Tags:

Email duplicated from Barracuda Cloud Layer
February 26, 2014 7:18 AM   Subscribe

Some email to our server is being duplicated from the Barracuda Cloud Layer to our local Barracuda 300. Barracuda support says there are routing and latency issues. I don't see the evidence but not sure how to resolve it. Details inside...

Incoming email to our domain first goes to the Barracuda Cloud Protection Layer before being passed to our local Barracuda 300 antispam appliance.
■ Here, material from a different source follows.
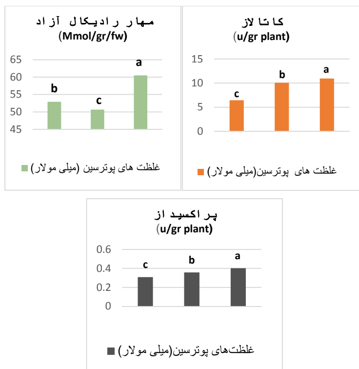
شکل ۱- مقایسه میانگین اثرات پوترسین بر آنزیم‌های آنتی‌اکسیدانی در گیاه استویا Figure 1. Means comparison of the effects putrescine on some antioxidant characters of stevia plant در هر ستون میانگین‌هایی که دارای حداقل یک حرف مشترک هستند اختلاف آماری معنی‌داری ندارند.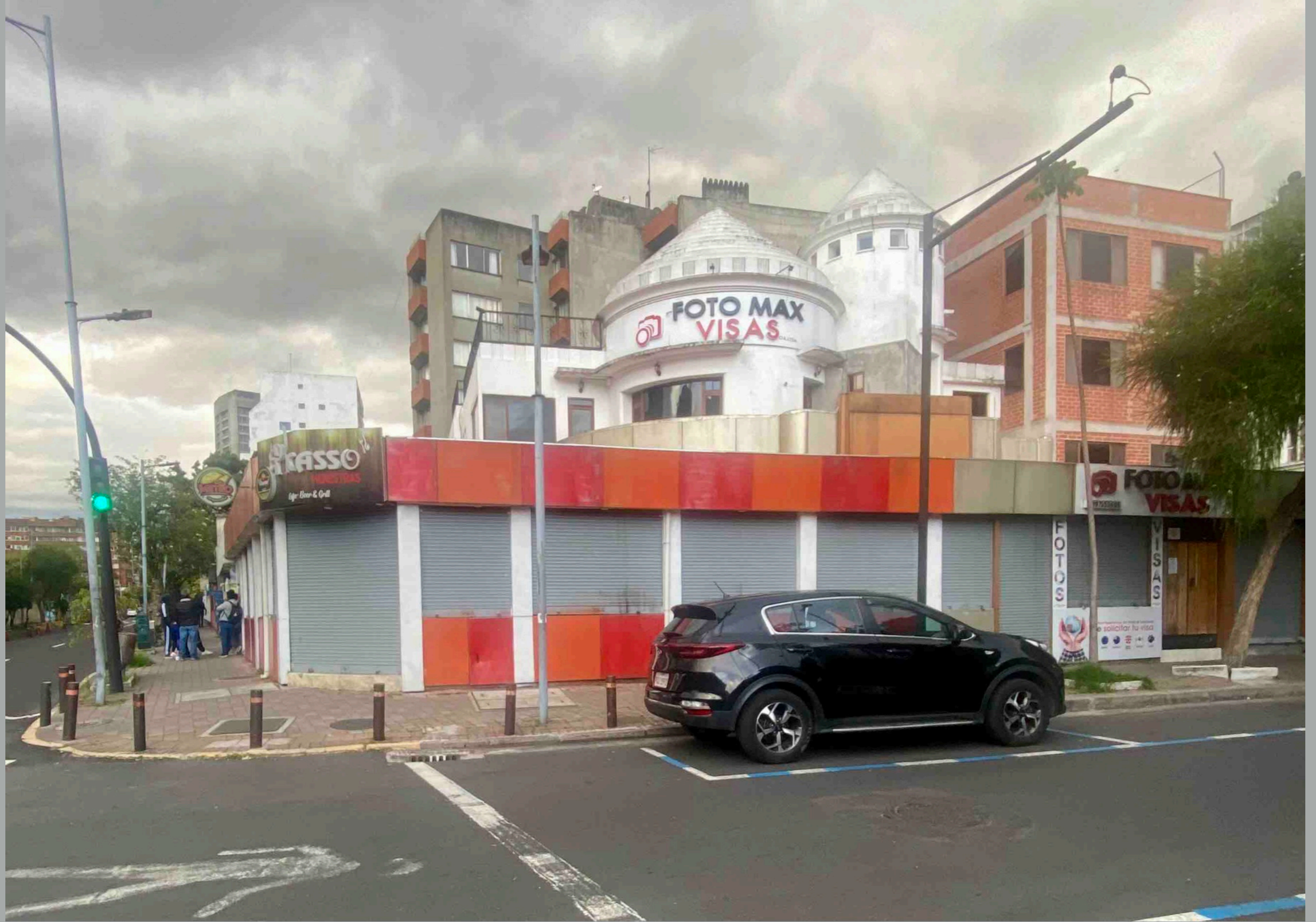
Roca y Reina Victoria

It then goes to our email server (CommuniGate). Approximately 1 week ago users started getting duplicates of email. For example, a user receives an email at 10am. Then they might receive the same email again at 10:02, 10:10. It is not not specific to any single domain. It does not occur for all inbound emails. It never occurs for email within our local domain (not process by Barracuda CPL).

I opened a call with Barracuda and they confirmed emails were being resent from the CPL to the local Barracuda but could not provide an explanation other than several messages were getting a "Deferred 451 No HELO/EHLO" status. They did a packet capture on the local Barracuda device and says there a lot of TCP retransmission packets coming from the barracuda cloud control servers to our local Barracuda. Additionally they say there is a routing issue based on this traceroute and want me to take it up with AT&T.

[root@192.168.200.20] # traceroute 64.235.154.194
traceroute to 64.235.154.194 (64.235.154.194), 30 hops max, 40 byte packets
1 99-72-249-174.uvs.mmphtn.sbcglobal.net (99.72.249.174) 2.628 ms 1.739 ms 1.810 ms
2 * * *
3 * * *
4 * 99.15.205.16 (99.15.205.16) 29.625 ms 26.311 ms
5 * * *
6 12.83.112.141 (12.83.112.141) 32.062 ms 31.286 ms 29.848 ms
7 12.122.104.69 (12.122.104.69) 152.513 ms 156.651 ms 96.317 ms
8 12.91.226.10 (12.91.226.10) 87.976 ms 85.129 ms 86.262 ms
9 oak1-ar1-xe-1-0-0-0.us.twtelecom.net (206.222.120.198) 95.168 ms 94.619 ms 108.430 ms
10 126.wecare.net (66.162.144.126) 100.729 ms 100.566 ms 100.232 ms
11 mail14.ess.barracuda.com (64.235.154.194) 100.931 ms 100.411 ms 100.244 ms

They also suggested I change the DNS server setting on the local Barracuda to something other than OpenDNS servers, but added they didn't think this was this issue and gave no alternative.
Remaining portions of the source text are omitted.